Notifications and account safety
Push notifications cover price alerts, order fills, and account updates, configurable per type. Biometric login fires on each app open, which is more secure than a persisted session.
For a trader who needs to monitor positions, place controlled orders, and run funding from the phone, the easyMarkets app is a strong fit. For primary charting, pair it with TradingView or MT5 mobile rather than relying on the built-in charts.
Where the app falls short
Honest gaps the app store rating does not capture. The app is a strong monitoring and execution tool, not a full replacement for the desktop surfaces.
- Charting depth: below MT5 mobile, so serious technical analysis belongs on TradingView or desktop
- No custom indicators: the built-in indicator set cannot be extended
- No EA support: automated strategies run from MT5 desktop or a VPS, the app monitors them only
- Tablet layout: the app runs as a stretched phone interface rather than a re-designed multi-pane tablet layout
These are the expected trade-offs of a streamlined app. None of them matter for the core use case of monitoring positions and placing controlled orders, and all of them are covered by pairing the app with MT5 or TradingView for analysis.

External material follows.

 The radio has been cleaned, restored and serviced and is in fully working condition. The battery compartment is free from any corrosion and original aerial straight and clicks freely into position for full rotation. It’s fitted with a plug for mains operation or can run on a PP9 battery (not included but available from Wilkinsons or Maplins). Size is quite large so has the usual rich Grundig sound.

Battery, notifications and security in daily use
Background battery use stayed unremarkable across a normal trading day in our usage, within the range expected from a monitoring app. Push notifications are configurable per type, so a trader can keep fill alerts loud and mute lower-priority updates.

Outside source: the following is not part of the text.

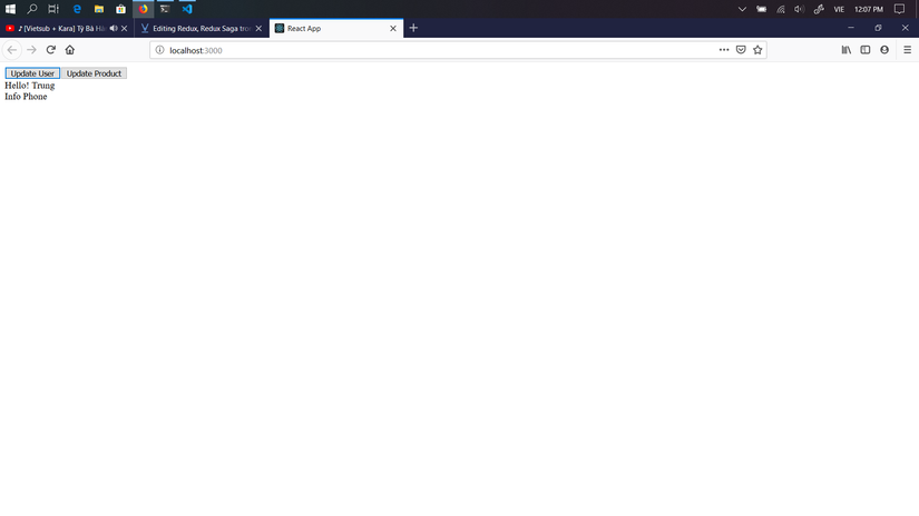 Đầu tiên là file index.js import React from 'react'; import ReactDOM from 'react-dom'; import { Provider } from 'react-redux'; // Thêm applyMiddleware để redux có thể sử dụng redux-saga import { createStore, combineReducers, applyMiddleware } from 'redux'; // Gọi function createSagaMiddle import createSagaMiddleware from 'redux-saga'; // Các hàm effects trong redux-saga, công dụng của nó sẽ được nói ở phía dưới import { put, call, all, takeLatest } from 'redux-saga/effects'; import App from './App'; import * as serviceWorker from './serviceWorker'; const userReducer = (state = '', action) => { switch(action.type) { // Chuyển UPDATE_USER thành UPDATE_USER_SUCCESS vì hiện tại ta đang lắng nghe từ saga case 'UPDATE_USER_SUCCESS': return action.payload; default: return state; } } const productReducer = (state = [], action) => { switch(action.type) { case 'UPDATE_PRODUCT_SUCCESS': return action.payload; default: return state; } } const allReducers = combineReducers({ userReducer, productReducer, }); // Sử dụng function* thay cho function bình thường và arrow function // Để có thể sử dụng synchronous trong js // Còn vì sao phải sử dụng thì mọi người tự search nha :v function* userSaga(action) { // id của action.payload được nhận từ action bên file App.js // Mình đang giả lập khi gửi id để put, patch bên api const { id } = action.payload; // call trong thực tiễn là sẽ được dùng gọi các api // Ở đây mình chỉ giả lập trả về const result = yield call(() => { return id === 1 ? 'Trung' : ''; }); // put là để trả về cho reducer giá trị yield put({ type: 'UPDATE_USER_SUCCESS', payload: result, }); } function* productSaga(action) { const { id } = action.payload; const result = yield call(() => { return id === 2 ? [ {name: 'iPhone', gen: 7}, {name: 'Galaxy', gen: 8}, ] : []; }); yield put({ type: 'UPDATE_PRODUCT_SUCCESS', payload: result, }); } // viết một saga tổng function* rootSaga() { // all thôi mọi người tự hiểu =)) yield all([ // takeLatest lắng nghe action cuối takeLatest('UPDATE_USER', userSaga), takeLatest('UPDATE_PRODUCT', productSaga), ]); } // Tạo sagaMiddleware const sagaMiddleware = createSagaMiddleware(); const store = createStore( allReducers, applyMiddleware(sagaMiddleware), ); // Để có thể lắng nghe action thì phải chạy sagaMiddleware sagaMiddleware.run(rootSaga); ReactDOM.render( <Provider store={store}> <App /> </Provider>, document.getElementById('root') ); // If you want your app to work offline and load faster, you can change // unregister() to register() below. Note this comes with some pitfalls. // Learn more about service workers: https://bit.ly/CRA-PWA serviceWorker.unregister();

Biometric login fires on each app open rather than persisting a session, which is the more secure model. For a trader who funds and withdraws from the phone, that prompt on every open is a small friction worth the added safety.
Who the app is right for
For a trader who needs to monitor positions, place controlled market orders from a watchlist, and run funding from the phone, the easyMarkets app is a strong fit. The continuity of the risk tools from web to mobile is the feature that sets it apart from most broker apps.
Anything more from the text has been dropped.